**GIVEN INFORMATION**
########

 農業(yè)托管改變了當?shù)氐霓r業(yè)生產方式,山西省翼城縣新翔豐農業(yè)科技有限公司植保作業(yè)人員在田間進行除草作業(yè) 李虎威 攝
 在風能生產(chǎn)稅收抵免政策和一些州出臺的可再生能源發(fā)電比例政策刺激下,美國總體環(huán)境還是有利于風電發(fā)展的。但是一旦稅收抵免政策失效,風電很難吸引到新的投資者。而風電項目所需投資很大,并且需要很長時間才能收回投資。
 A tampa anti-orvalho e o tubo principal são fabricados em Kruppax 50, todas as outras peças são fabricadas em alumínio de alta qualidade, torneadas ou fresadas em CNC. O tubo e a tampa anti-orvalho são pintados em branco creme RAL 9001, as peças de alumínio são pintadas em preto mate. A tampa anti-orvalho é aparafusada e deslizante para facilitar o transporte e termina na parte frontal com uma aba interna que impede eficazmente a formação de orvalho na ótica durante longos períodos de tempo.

########

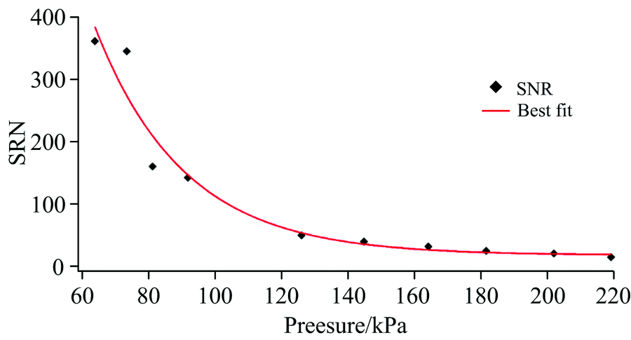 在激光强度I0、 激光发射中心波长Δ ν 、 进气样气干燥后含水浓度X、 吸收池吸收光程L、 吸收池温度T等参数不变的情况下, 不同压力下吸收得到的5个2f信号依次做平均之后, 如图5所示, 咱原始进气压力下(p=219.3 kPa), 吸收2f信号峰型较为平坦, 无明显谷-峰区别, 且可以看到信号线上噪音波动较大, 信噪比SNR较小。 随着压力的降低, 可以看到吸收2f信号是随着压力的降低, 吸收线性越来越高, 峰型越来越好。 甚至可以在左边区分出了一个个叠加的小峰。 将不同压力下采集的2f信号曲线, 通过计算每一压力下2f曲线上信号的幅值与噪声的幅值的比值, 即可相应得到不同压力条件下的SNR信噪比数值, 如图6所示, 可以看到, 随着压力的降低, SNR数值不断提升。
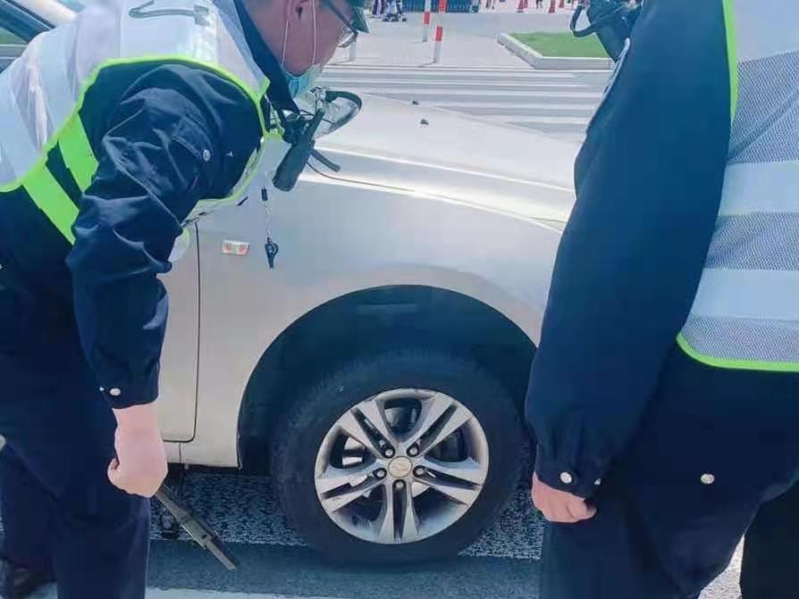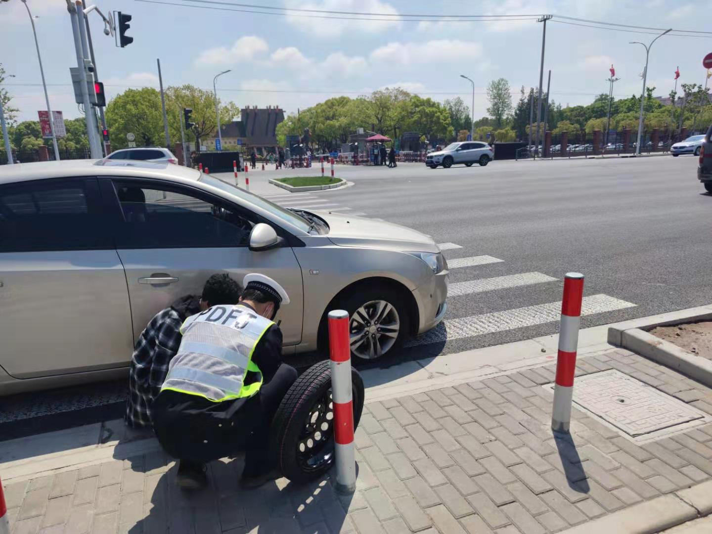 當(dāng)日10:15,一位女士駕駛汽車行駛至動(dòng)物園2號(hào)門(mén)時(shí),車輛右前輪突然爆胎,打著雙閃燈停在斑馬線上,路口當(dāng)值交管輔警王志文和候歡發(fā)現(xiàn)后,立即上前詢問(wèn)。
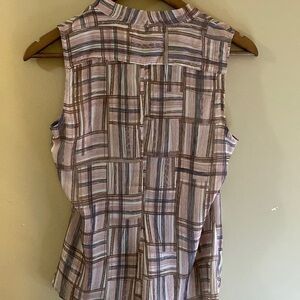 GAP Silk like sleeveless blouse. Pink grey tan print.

########

**EXERCISE DIRECTIONS**
In the material above, the stretch from the line with "當(dāng)日10:15,一位女士駕駛" through the line with "GAP Silk like" is to be given again exactly, minus the pictures.

**OUTPUT FOR THIS EXERCISE**
 當(dāng)日10:15,一位女士駕駛汽車行駛至動(dòng)物園2號(hào)門(mén)時(shí),車輛右前輪突然爆胎,打著雙閃燈停在斑馬線上,路口當(dāng)值交管輔警王志文和候歡發(fā)現(xiàn)后,立即上前詢問(wèn)。
 GAP Silk like sleeveless blouse. Pink grey tan print.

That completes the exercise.